2 min read

Is It Now Yet?

Science suggests the world we see is an illusion—and time might be, too. If time is merely a concept used to organize commerce and worry, then the 'departure' of our loved ones is part of that same illusion. Discover why, in the eternal now, there is no such thing as death.
Clocks ticking seconds minutes hours
Time is only an illusion. 

Science is now at the beginning of unveiling radical hypotheses about the nature of reality and what experience as the real world.    In fact, there are theories being propogated even now that maintain that the real world as we experience is nothing more than an illusion, and that it may not exist at all.   Theories in quantum mechanics support this hypothesis, most especially. 

I find these theories fascinating, and I love to read about them, but the truth is that science - espeically the modern kind - is slow to bring about changes in our everyday living.   In fact, it might be arguably the case that science - other than providing us with conveniences such as western medicine, tech gadgets, and the like - has no real impression upon our day to day living. We still worry. We still grieve. 
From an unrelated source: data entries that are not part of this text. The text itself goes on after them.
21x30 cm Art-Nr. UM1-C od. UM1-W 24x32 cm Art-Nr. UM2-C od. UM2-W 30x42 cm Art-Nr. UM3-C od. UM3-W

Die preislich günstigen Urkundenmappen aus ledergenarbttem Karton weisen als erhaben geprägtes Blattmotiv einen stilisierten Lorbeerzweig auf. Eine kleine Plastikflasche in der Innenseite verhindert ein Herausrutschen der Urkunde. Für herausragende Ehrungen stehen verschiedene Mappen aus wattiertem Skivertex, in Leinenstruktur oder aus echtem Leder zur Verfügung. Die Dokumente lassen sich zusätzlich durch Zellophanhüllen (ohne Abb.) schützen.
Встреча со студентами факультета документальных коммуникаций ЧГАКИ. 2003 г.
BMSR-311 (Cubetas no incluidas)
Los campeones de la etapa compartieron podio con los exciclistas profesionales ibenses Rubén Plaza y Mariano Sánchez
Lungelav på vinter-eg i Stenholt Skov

So for any theory of science to have any lasting impact, it needs to touch us where we live.  And whether its real or not, we live right here, right now.   We are experiencing our being here and now.   When you sip coffee, you taste it now.  When feel warm water on your skin, you feel it now.  There is no deferring of any of these conscious experiences to a later date or a future timeline. It is all right now. 
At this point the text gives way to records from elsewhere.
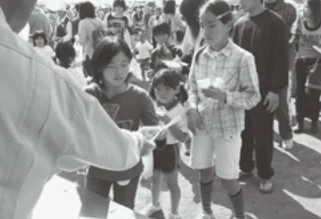
サービスコーナーのいも煮やからみもちが大好評でした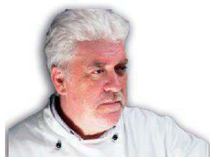
LA CUCINA DI ANDREA BASSETTI www.andreabassetti.it

Wonder Woman di Patty Jenkins con Gal Gadot Ore: 21.00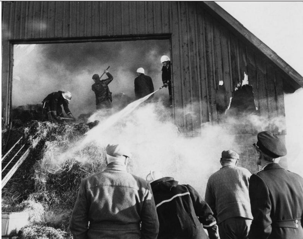
Brandkåren i arbete: släckningsarbete vid en lada.

I avsnittet "Över gränserna" förmedlas inblickar i brandbefälens internationella arbete. År 1988 åkte svensk räddningstjänst till det jordbävningdrabbade Armenien. Det blev en dramatisk upplevelse. Sorg. Rader av kistor. Människor som skriker när de finner döda anhöriga. Brandmännen konfronteras med en helt annan verklighet än i det lugna,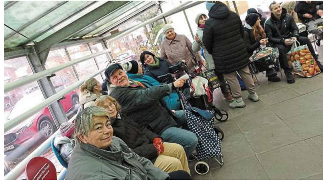
Mehr Kunden gehen nicht mehr: Die Stolzenauer Ausgabestelle der Tafel hat einen Aufnahmestopp verhängt.

In den Ausgabestellen in Nienburg und Hoya erwägt die Tafel noch keine einschränkenden Maßnahmen, schließt aber einen Aufnahmestopp in 2024 auch ausdrücklich nicht aus. „Wir sind abhängig von Entwicklungen in Niedersachsen, die wir überhaupt nicht beeinflussen können. Da verbietet es sich, dass wir weiter als zwei bis drei Wochen in die Zukunft schauen“, sagt der Nienburger Geschäftsführer. Bei Fragen ist Schmied unter Telefon (05021)9083450 erreichbar. nis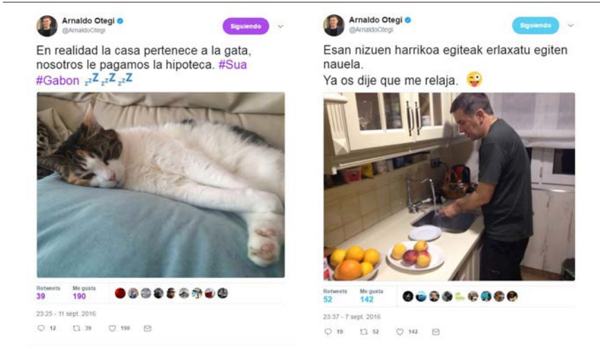
Figura 4. Twitter de Arnaldo Otegi.

En el caso de Arnaldo Otegi, su perfil de Twitter era el que más seguidores tenía entre todos los candidatos a lehendakari, con gran diferencia 8 , y destacaba por ser un espacio que combinaba mensajes políticos del programa de la coalición con la vida privada del protagonista, así como con referencias a la política internacional, a los líderes internacionales, a acontecimientos sociales tratados con humor, etc.

In this fashion, it is necessary then for us to assume that everything is now.  Our sense of time is perhaps only a construct of anxiety over a future event (or an attempt to plan one) and our remembrance of past events.   If this is the case, is the present - this moment right now - real?  Isn't now a moment in time all its own?   
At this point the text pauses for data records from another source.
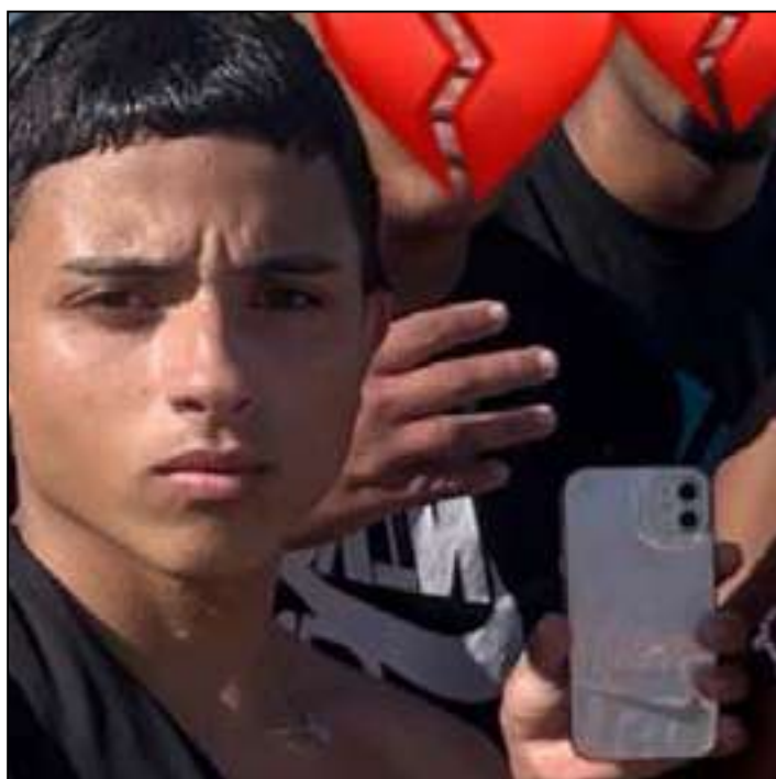
A vítima foi encontrada com as mãos atadas, a boca amordaçada e apresentava diversas perfurações de arma de fogo na localidade conhecida como Chaminé, na região do bairro Geneciano

O episódio ocorre em um cenário de atenção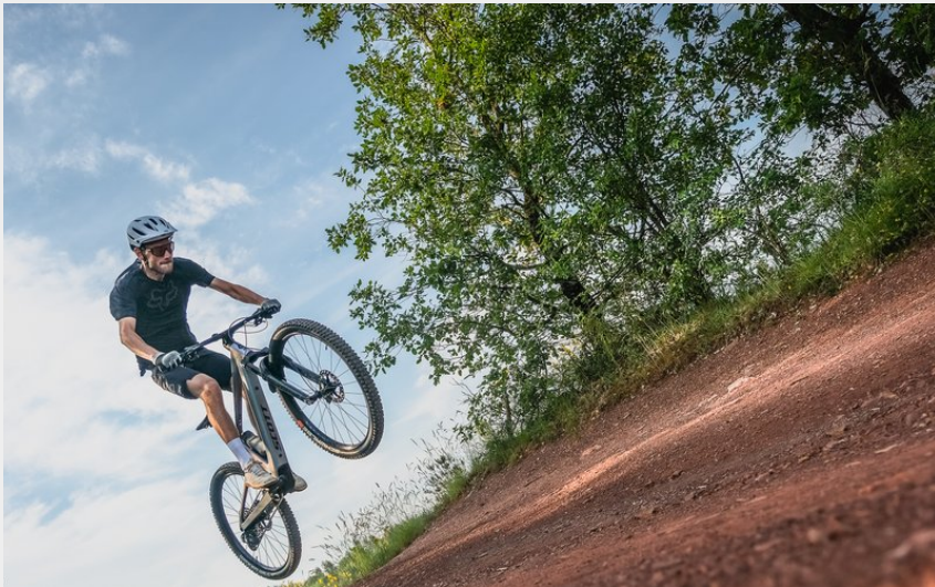
Passages techniques (V.Govignon)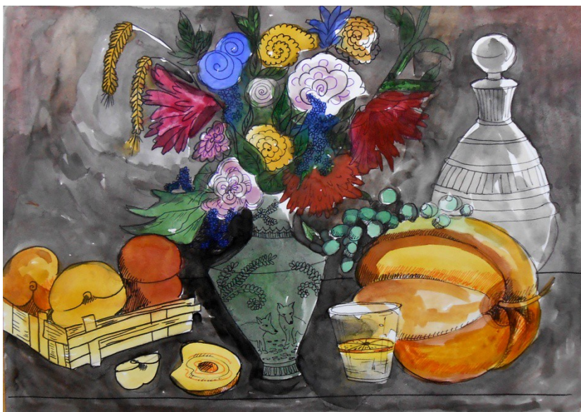
Фото занятия «Декоративно-стилизированный натюрморт по мотивам работ И.Т. Хруцкого».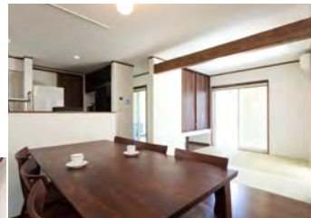
(上) 1階はリビング、キッチン、和室が見渡せる開放的なスペース。4畳半の和室には四方に窓が設けられ、明るく居心地がいい。外のポーチにも出入りできる。(左) 2階には3つの子供部屋が並ぶ。シンプルで清潔感があり、アレンジしやすい空間だ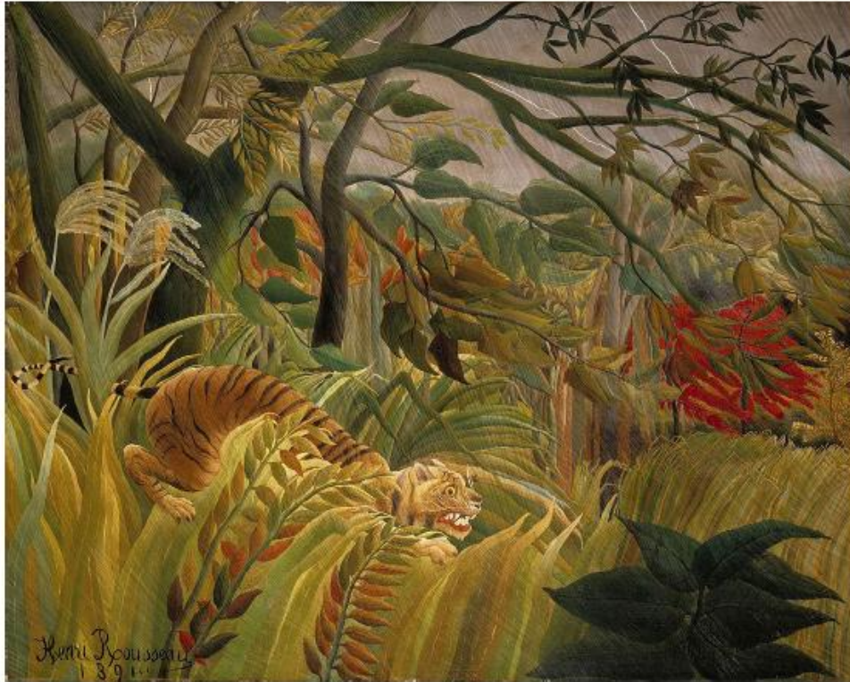
Ανρί Ρουσσώ, “Εκπληξη” (1891), λαδομπογιά σε καμβά, 128X161 εκ.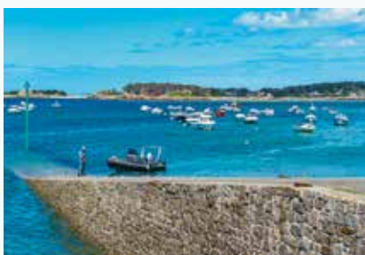
Port de Buguélès

Ce n'est pas un port ! Si la gestion reste du ressort de la commune, la propriété appartient à l'État au travers de la Direction Départementale des Territoires de la Mer (DDTM). Tous les mouillages sont à échouage. La zone est entourée par les îles qui en font un havre particulièrement protégé mais pas toujours simple d'accès.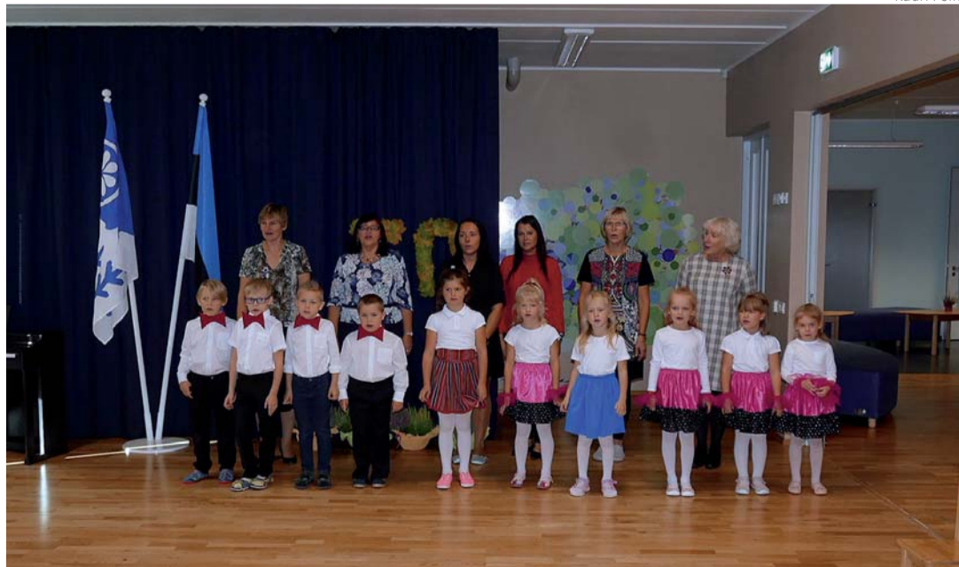
Lapsed ja õpetajad saavad hästi hakkama ka ühise esinemisega.

Õnne olid soovima tulnud "külalised minevikust" - nagu nad ise

Surprise, surprise: there are theories in science about this, too.    While time governs nearly everything we do - down to the very essence of our existence - it is likely only a created concept, one that serves us to organize our commerce and govern our experiences, but one that - if we can ever learn to let go of it - we will find tethers us to unnecessary functions that are meaningless and formless.    

This is all well and good, you are likely thinking. But what do this have to do with death and dying? 

Well, if time does not truly exist, then there has never existed any such time when you were not without your loved one.  They have always been, and because you are the experiencer, they have always been with you.  There was no death.  There was no departing. There was only the illusion of it, just like the illusion of time.